You did not overreact by blocking him and feeling like something is off with this guy. You are not being mean, you are listening to your instincts and letting them protect you, maybe from danger, maybe just from being annoyed to death.
He has been pushy and handsy and poor with boundaries. He’s made it clear that he doesn’t really want to be friends with you, he wants to date you, and he won’t really take “no” for an answer. Right after he met you, he started monitoring your social interactions with other men online as if it is somehow his business. He has been showing up where you volunteer and making you uncomfortable. He does not make you feel happy and excited to hang out with him, he makes you feel defensive and harassed. That is not the basis for a friendship. Super-mutual-liking-each-other is the basis for a friendship. He had a chance to be friends with you, but he fucked it up. Do you really want to reassure him and be his wary, unwilling friend, braced for when the hands of unwanted touching or “Whyyyyyy won’t you date me” come at you again?

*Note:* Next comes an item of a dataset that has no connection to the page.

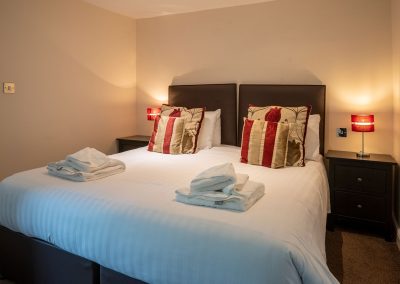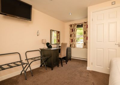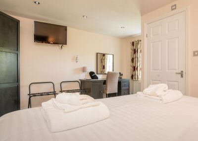 Once again it’s a Mattison Monarch 1400 in superking size and like the other superior rooms there is the option to have it as two full size singles. We can also fit a third single in here if you require it. All our standard facilities are there with 32” flat screen LED, a large desk and chair, tea and coffee making facilities with complimentary Border biscuits, a hairdryer, bedside tables with lamps and ceiling down-lighters throughout give the room a contemporary feel. The fluffy bath sheets complete the look.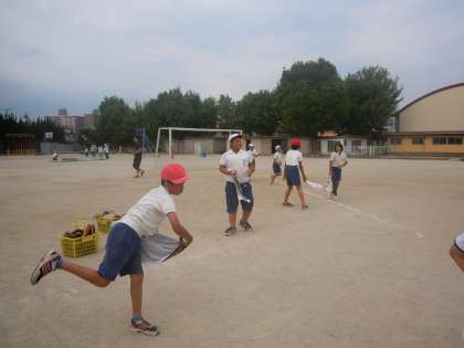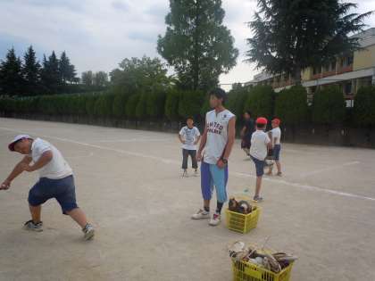 陸上部練習 ソフトボール投げ 公開日 2013/06/17 更新日 2013/06/17 トピックス 夏休みにある大会に向けて、陸上部の練習がはじまっています。金曜日は、種目別練習を重点的におこなう日です。今の段階での練習について順番に紹介していきます。 まずはじめは、ソフトボール投げの練習です。ボールの投げ方の基本について、指導を受けていました。タオルを使っての練習で、腕だけでなく腰から上の上半身の使い方を練習していました。

You do not have to respond to his email at all. Silence is its own answer. If you do want to respond, answer once. Maybe something like “I do not like the way you touch me without permission, drop by unannounced at [volunteer place], or keep bringing up the prospect of dating even though I am not interested in that kind of relationship with you. I’d like you to stop contacting me unless I contact you first. No need to apologize or respond to this message. I wish you well.”
If he responds in any way, do not answer him, and do not respond to any further attempts to contact you. Keep copies of everything in case he escalates his efforts in a dangerous way.
It is sad that he is lonely and isolated, but you don’t have to fix that for him. You were kind to him and open to a friendship, and he took advantage of that and ruined his own chances all by himself. You’re not responsible for his self-confidence or whether he makes other friends. He can learn better social skills on his own time, not yours. In fact, I’m reminded now of the greatness of the #DudesGreetingDudes hashtag created by Elon James White (@elonjames on Twitter, well worth a follow IMO).
Women and female-presenting people of the world, when you are annoyed at a clueless or needy straight dude in your life who seems to require a lot of emotional labor from you, ask yourself some questions:
- Would he behave this way toward me if I were a fellow dude? (handsy/touchy, entitled, needy, full of suggestive comments & excessive monitoring behavior)
- Would a man in my shoes agonize this much over whether he was being sufficiently reassuring/understanding of a fellow dude’s repeated pushy & selfish behavior?
- Do I look forward to and actively enjoy spending time with this guy? (vs. feeling drained or like you’re performing a service).
If the answer to any of these is “Nope” then give yourself permission to let go of worrying about this guy and what he thinks of you and how he is doing in life. Men and women can be friends, but some guys need to go back to the drawing board of what a friendship is and maybe consider being friends only with people they don’t want to fuck or use for free therapy, aka, #DudesFriendingDudes.